BEGIN INFORMATION SHOWN
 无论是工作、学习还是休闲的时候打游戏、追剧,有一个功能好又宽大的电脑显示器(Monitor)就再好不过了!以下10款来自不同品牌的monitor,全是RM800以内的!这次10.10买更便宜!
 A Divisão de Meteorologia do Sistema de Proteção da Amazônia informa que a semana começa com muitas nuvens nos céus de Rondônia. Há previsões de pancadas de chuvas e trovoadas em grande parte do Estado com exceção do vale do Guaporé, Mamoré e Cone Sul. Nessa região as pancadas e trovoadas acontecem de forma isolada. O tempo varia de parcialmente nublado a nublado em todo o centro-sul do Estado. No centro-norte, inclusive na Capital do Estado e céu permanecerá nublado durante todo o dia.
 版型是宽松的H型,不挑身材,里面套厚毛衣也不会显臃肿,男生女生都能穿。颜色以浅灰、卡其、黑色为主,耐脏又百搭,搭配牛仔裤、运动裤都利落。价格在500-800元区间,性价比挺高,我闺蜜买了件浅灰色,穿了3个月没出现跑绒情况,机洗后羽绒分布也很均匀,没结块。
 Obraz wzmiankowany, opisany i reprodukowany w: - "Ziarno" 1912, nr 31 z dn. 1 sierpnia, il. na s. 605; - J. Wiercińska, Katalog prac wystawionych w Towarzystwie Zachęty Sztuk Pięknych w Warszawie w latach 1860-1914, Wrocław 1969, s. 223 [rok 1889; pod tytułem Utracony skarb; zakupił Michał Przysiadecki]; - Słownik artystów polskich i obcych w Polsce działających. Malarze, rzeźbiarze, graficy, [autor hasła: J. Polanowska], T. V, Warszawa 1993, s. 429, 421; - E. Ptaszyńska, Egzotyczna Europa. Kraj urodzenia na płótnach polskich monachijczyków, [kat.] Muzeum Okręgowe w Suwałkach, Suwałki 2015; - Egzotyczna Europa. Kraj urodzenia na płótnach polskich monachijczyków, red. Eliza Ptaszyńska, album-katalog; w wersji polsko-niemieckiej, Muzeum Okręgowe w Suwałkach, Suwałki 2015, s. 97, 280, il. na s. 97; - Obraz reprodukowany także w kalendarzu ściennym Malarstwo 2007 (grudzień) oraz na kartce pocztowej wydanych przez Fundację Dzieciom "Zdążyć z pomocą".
END INFORMATION SHOWN
YOUR GOAL
Print the whole listing exactly as it is.

PROBLEM SOLUTION
 无论是工作、学习还是休闲的时候打游戏、追剧,有一个功能好又宽大的电脑显示器(Monitor)就再好不过了!以下10款来自不同品牌的monitor,全是RM800以内的!这次10.10买更便宜!
 A Divisão de Meteorologia do Sistema de Proteção da Amazônia informa que a semana começa com muitas nuvens nos céus de Rondônia. Há previsões de pancadas de chuvas e trovoadas em grande parte do Estado com exceção do vale do Guaporé, Mamoré e Cone Sul. Nessa região as pancadas e trovoadas acontecem de forma isolada. O tempo varia de parcialmente nublado a nublado em todo o centro-sul do Estado. No centro-norte, inclusive na Capital do Estado e céu permanecerá nublado durante todo o dia.
 版型是宽松的H型,不挑身材,里面套厚毛衣也不会显臃肿,男生女生都能穿。颜色以浅灰、卡其、黑色为主,耐脏又百搭,搭配牛仔裤、运动裤都利落。价格在500-800元区间,性价比挺高,我闺蜜买了件浅灰色,穿了3个月没出现跑绒情况,机洗后羽绒分布也很均匀,没结块。
 Obraz wzmiankowany, opisany i reprodukowany w: - "Ziarno" 1912, nr 31 z dn. 1 sierpnia, il. na s. 605; - J. Wiercińska, Katalog prac wystawionych w Towarzystwie Zachęty Sztuk Pięknych w Warszawie w latach 1860-1914, Wrocław 1969, s. 223 [rok 1889; pod tytułem Utracony skarb; zakupił Michał Przysiadecki]; - Słownik artystów polskich i obcych w Polsce działających. Malarze, rzeźbiarze, graficy, [autor hasła: J. Polanowska], T. V, Warszawa 1993, s. 429, 421; - E. Ptaszyńska, Egzotyczna Europa. Kraj urodzenia na płótnach polskich monachijczyków, [kat.] Muzeum Okręgowe w Suwałkach, Suwałki 2015; - Egzotyczna Europa. Kraj urodzenia na płótnach polskich monachijczyków, red. Eliza Ptaszyńska, album-katalog; w wersji polsko-niemieckiej, Muzeum Okręgowe w Suwałkach, Suwałki 2015, s. 97, 280, il. na s. 97; - Obraz reprodukowany także w kalendarzu ściennym Malarstwo 2007 (grudzień) oraz na kartce pocztowej wydanych przez Fundację Dzieciom "Zdążyć z pomocą".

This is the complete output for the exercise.